Editorial

Heartbreaking crimes

A few days ago, the same edition of the Southeast Missourian had separate stories detailing the horror and suffering parents are capable of inflicting on their children.

One story reported that the conviction of a Texas mother had been overturned on a technicality. She had been convicted of murdering her five children. Under circumstances that are almost too horrible to imagine, the young mother drowned her children one by one in a bathtub at the family home. She then called police. Testimony at her trial indicated she was overwhelmed by motherhood.

Closer to home, a Poplar Bluff couple was arrested and charged with first-degree child abuse and felony murder after their 2-week-old son died from injuries police believe were caused by brutal punishment.

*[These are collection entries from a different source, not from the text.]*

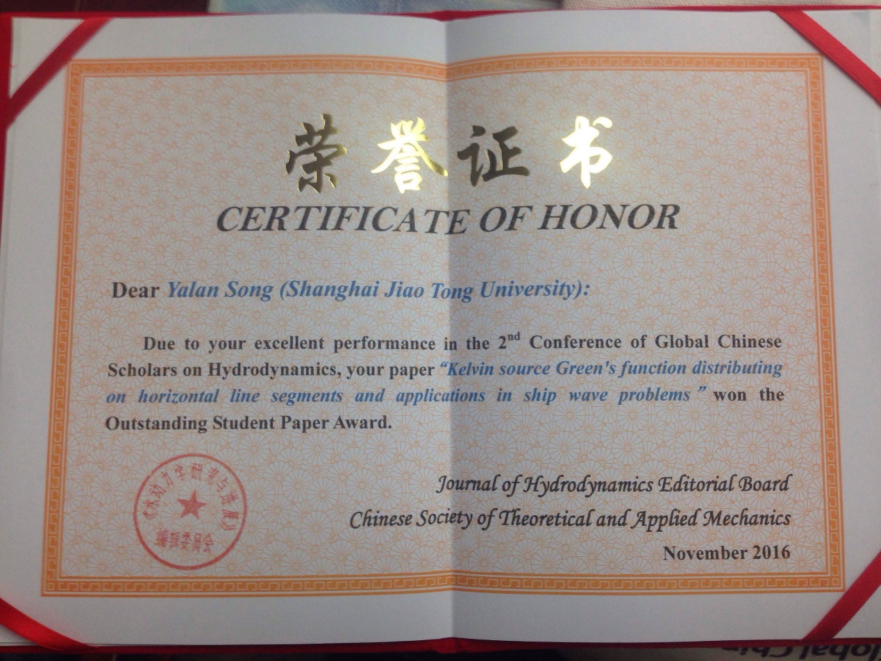 为纪念《水动力学研究与进展》期刊创刊30周年,11月11日至14日,由期刊编委会、中国力学学会、中国造船工程学会、中国水利学会、中国海洋学会联合主办的第二届全球华人水动力学学术会议(简称CCSH2016)在江苏无锡中国船舶科学研究中心举办,来自全球200余名专家学者与学生参加了会议。禁漫 船舶与海洋工程系研究生宋雅岚荣获会议 “优秀学生论文奖”。
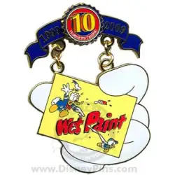 Wet Paint Sign is a Limited Edition (LE) 1000 pin from the Disney Pin Trading 10th Anniversary: Decade of Magical Trades pin series. It was originally released on , 2009 and was available from Walt Disney World .
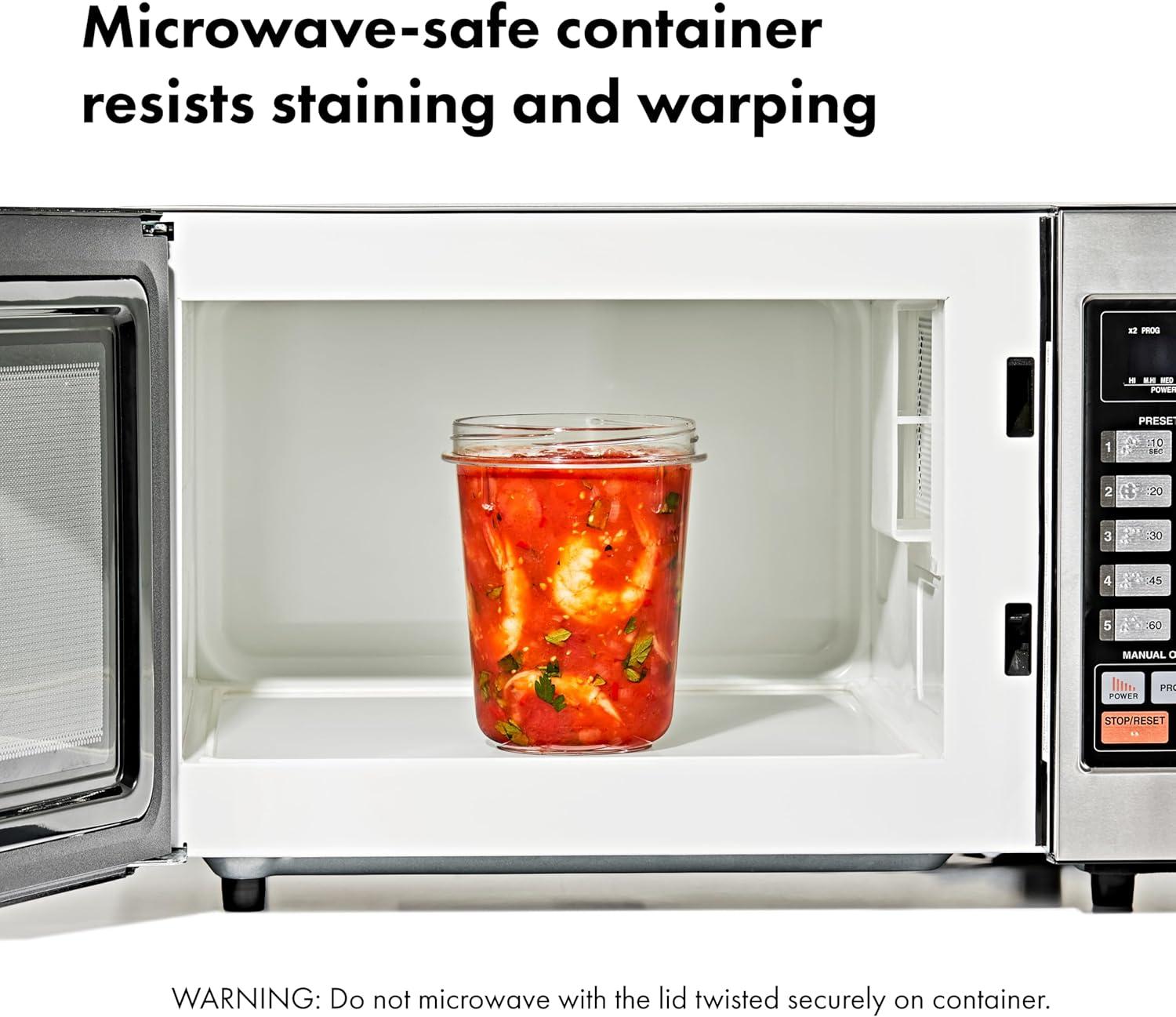 The OXO Good Grips Twist & Stack Container 20-ounce 2-pack is the long-lasting leakproof, stain-resistant storage you’ve been waiting for. These durable, leakproof, stain-resistant containers are perfectly sized for any task from meal prep to storing leftovers to taking food on-the-go. They are uniquely stackable and storable food containers to maximize space in the fridge or pantry – lids stack neatly on top of one another and containers nest inside one another so clutter is eliminated. The lids are universal – they fit each container so there’s no more searching for the right fit. (Except for our five-ounce containers – those lids are smaller.) These containers feature twistable lids which have a soft touch grip, so the containers open easily and keep food intact. The gasket inside the lid ensures a leakproof seal. This is leftover storage that’s built to last – better than those deli containers or packaged food containers. These durable containers resist staining and warping – so they last for the long haul. Containers are top-rack dishwasher safe – but remove the gasket in the lid for deep cleaning. Note – don’t microwave with the lid twisted on. This 2-pack includes: two 20 oz/592 mL containers. OXO Twist & Stack Containers are available in 5-ounce, 12-ounce, 20-ounce, 32-ounce and 40-ounce sizes. BPA free, dishwasher safe, leak proof, microwave safe, freezer safe.
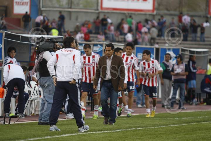 CIUDAD JUÁREZ, CHIHUAHUA, 20MARZO2013.- El encuentro entre Chivas del Guadalajara y Chivas USA concluyó en punto de las 19:00 horas con empate al dejar el marcador tres golpes por tres, en la cancha del estadio olímpico Benito Juárez. Con el estadio casi vacío el encuentro inició en punto de las 17:00 horas en donde el equipo estadounidense dominaba el juego hasta el minuto 17 cuando Jesús Sánchez fue quien se encargó de abrir el marcador al anotar el primer gol. Posteriormente Luis Morales se encargó de dejar el dos por cero al minuto 21, pero no pasó mucho cuando al minuto 39 Giovanni Casillas con el número 14 anotó el gol para abrir el marcador a su favor. Otro gol entró en la red de las Chivas del Guadalajara lo que deja el marcador dos a dos, luego de que se marcara penalti el cual metió el jugador José Correa al minuto 17 del segundo tiempo. La tercera anotación por parte del equipo de las Chivas USA entró en la red del rebaño mexicano al minuto 31 por parte de Julio Morales al quedar solo frente al arquero. Para terminar el encuentro Erick Torres anotó el último gol para dejar el marcador tres por tres al minuto 41. En la imagen el técnico de Chivas del Guadalajara Benjamín Galindo. FOTO: NACHO RUÍZ /CUARTOSCURO.COM

The most astonishing -- and heartbreaking -- evidence in the Poplar Bluff case came from witnesses who told authorities they saw several instances of alleged abuse. If that's the case, it makes any reasonable person wonder why someone didn't intervene before the infant sustained life-threatening injuries.

The capacity for human beings to inflict pain and suffering on other human beings is well-documented. To explain why this happens would fill large volumes, as many experts have tried to do over the centuries.

But such crimes are magnified beyond comprehension when children become victims at the hands of their own parents.

Such victims deserve our compassion, and so do those who commit these crimes. But the guilty also deserve to be appropriately punished. In the court of public opinion, those who watch and take no action also should suffer some consequences.